**PROBLEM:**
Output nothing but the lines from the beginning of the listing below through the line containing "软件著作权-动易WebFuture全媒体信息管理软件V10.0", exactly as they stand, without pictures.

**SUPPLIED MATERIAL:**
******************************
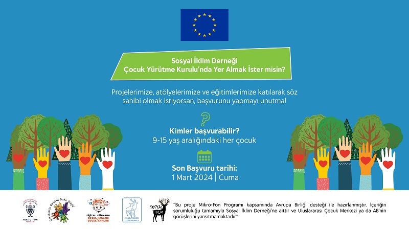 2014 yılından bu yana çocuk katılımı, gençlik katılımı ve iklim eylemi odaklı çalışmalar yürüten Sosyal İklim Derneği, yeni döneminde Çocuk Yürütme Kurulu için gönüllü üyelerini arıyor!
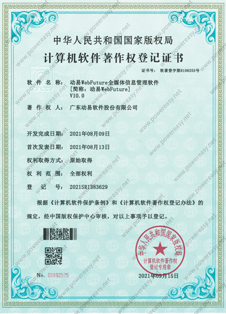 软件著作权-动易WebFuture全媒体信息管理软件V10.0
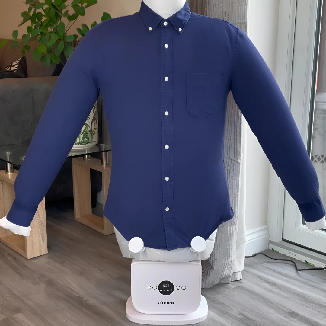 With its simple attachment system, the Aironox is ready to use in seconds—no ironing board, no heavy lifting, no complicated prep. Just slip on your shirt, blouse, or tee, press start, and let the machine deliver a crisp, wrinkle-free finish. It’s the faster, easier alternative to traditional ironing.
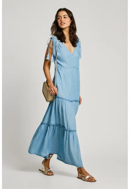 Дълга рокля с лиосел - Пастелносин
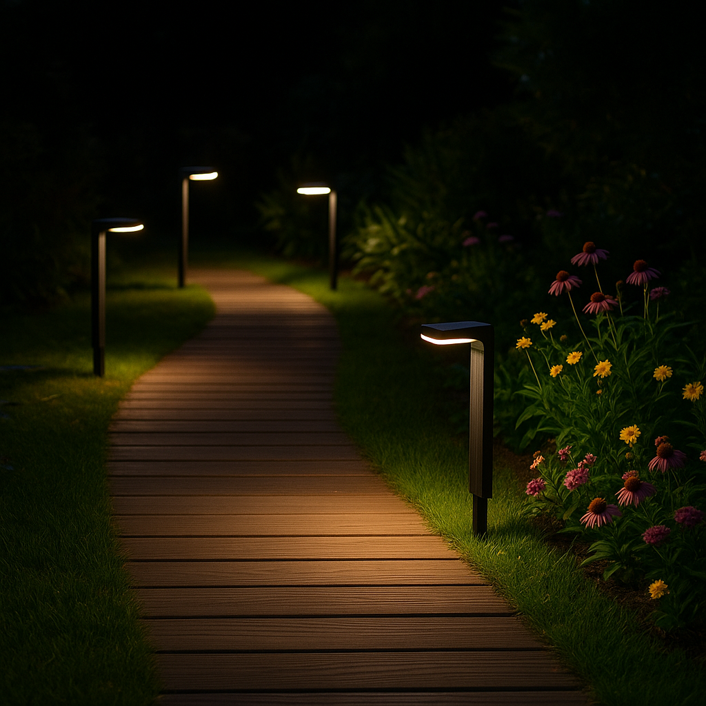 Design resistente e impermeabile; struttura in ABS+PC con protezione IP65, ideale per giardini e vialetti. Dimensioni: 573x162x90 mm
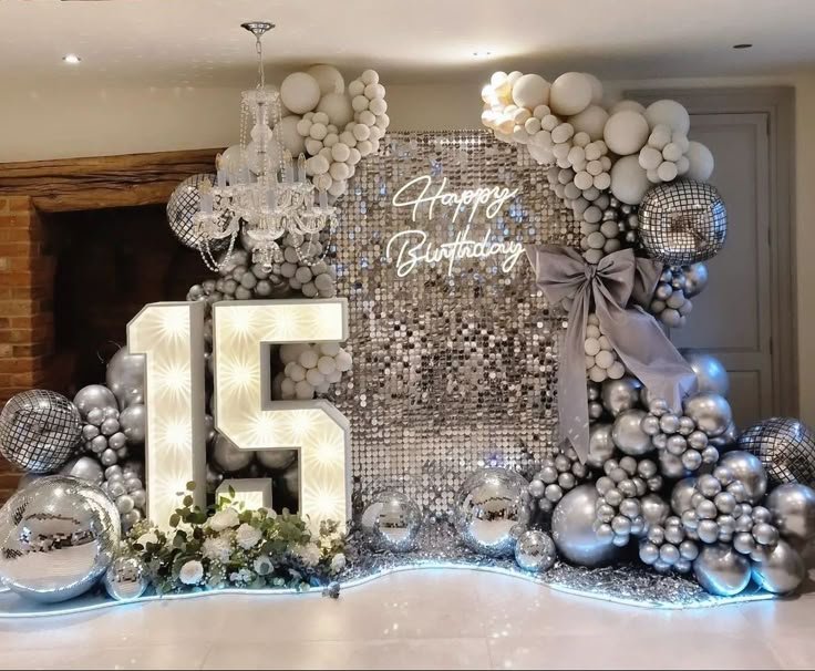 Elevate an 18th birthday celebration with a sleek, modern silver and black theme. A stunning balloon garland in varying metallic shades creates a striking visual impact, setting the stage for birthday party ideas for teenagers.
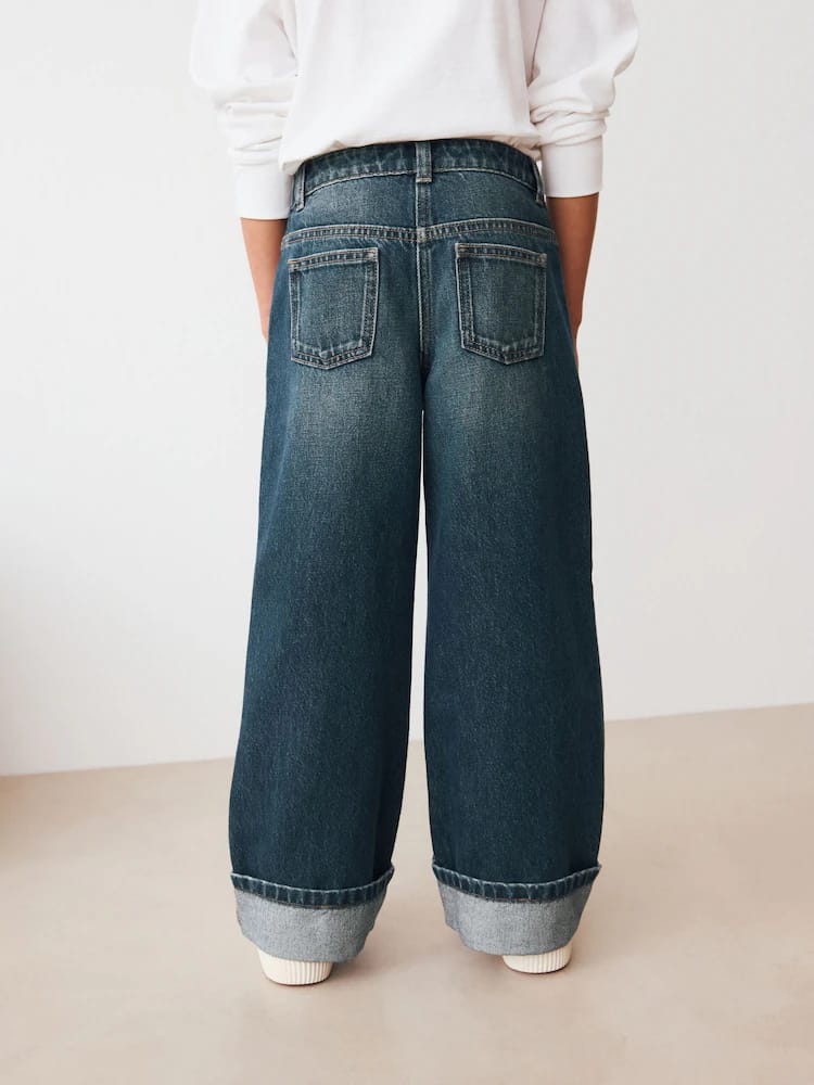 Add a trendy twist to their denim collection with these wide-leg, dark-blue jeans. The turn-up hem and classic button-and-zip front fastening provide a stylish look, while the functional pockets offer a practical finish. An ideal choice for a fashionable, everyday look.
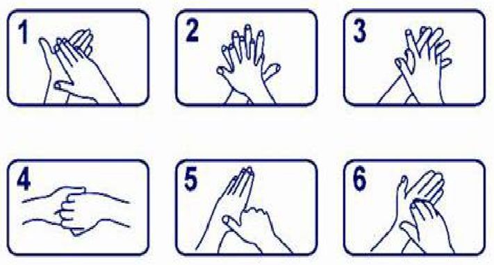使用肥皂或洗手液并用流動(dòng)水洗手,推薦以下洗手六步法:
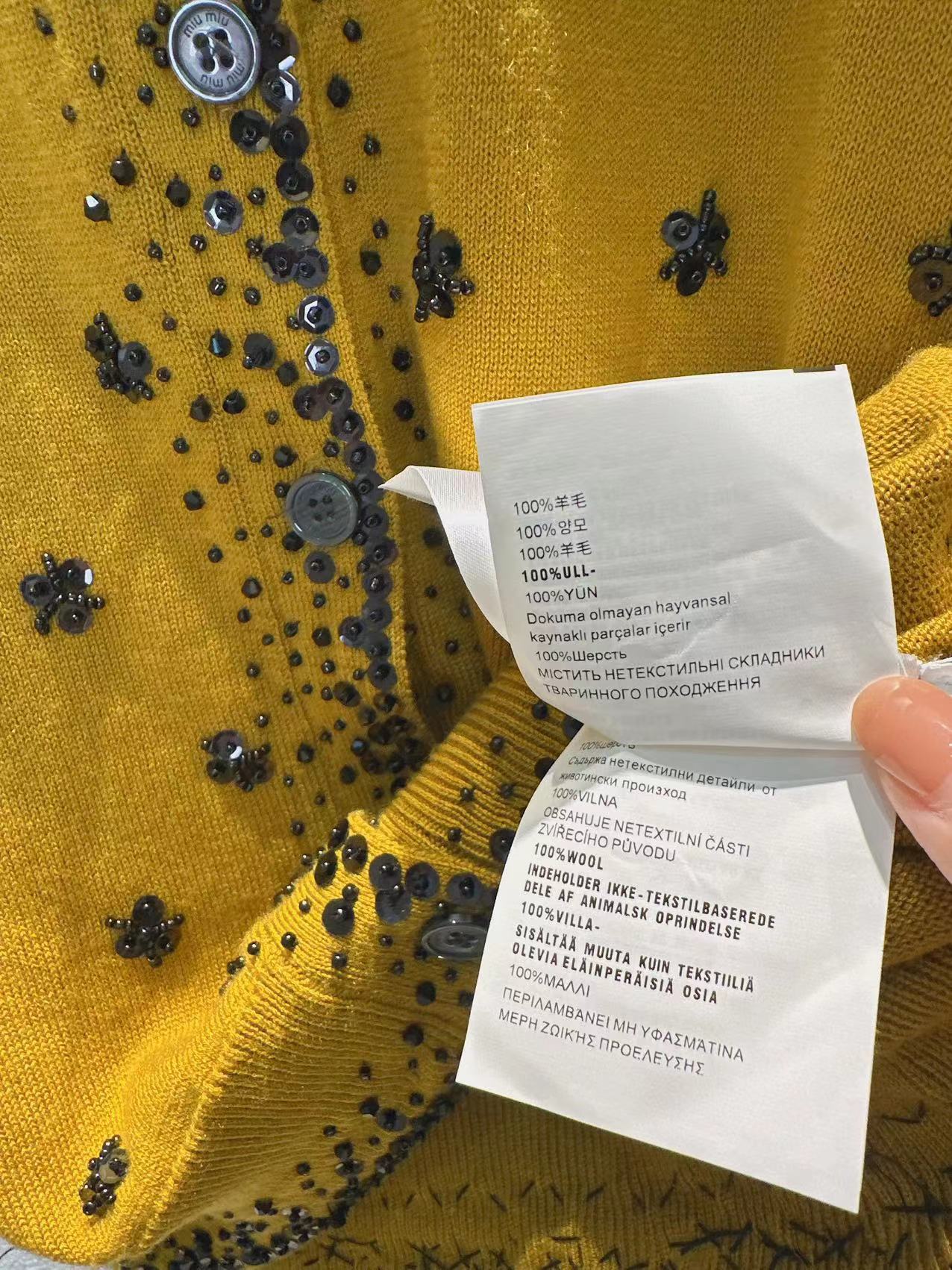 这款衣服是AAAAA 1:1 质量 (非常棒). 使用了和原版一模一样的材料. 商标部分也保持了和缪缪/Miu Miu一样. 图片拍摄是实物衣服拍摄, 您所收到的实物保证和我们图片一模一样.
******************************
**WRITTEN ANSWER:**
 2014 yılından bu yana çocuk katılımı, gençlik katılımı ve iklim eylemi odaklı çalışmalar yürüten Sosyal İklim Derneği, yeni döneminde Çocuk Yürütme Kurulu için gönüllü üyelerini arıyor!
 软件著作权-动易WebFuture全媒体信息管理软件V10.0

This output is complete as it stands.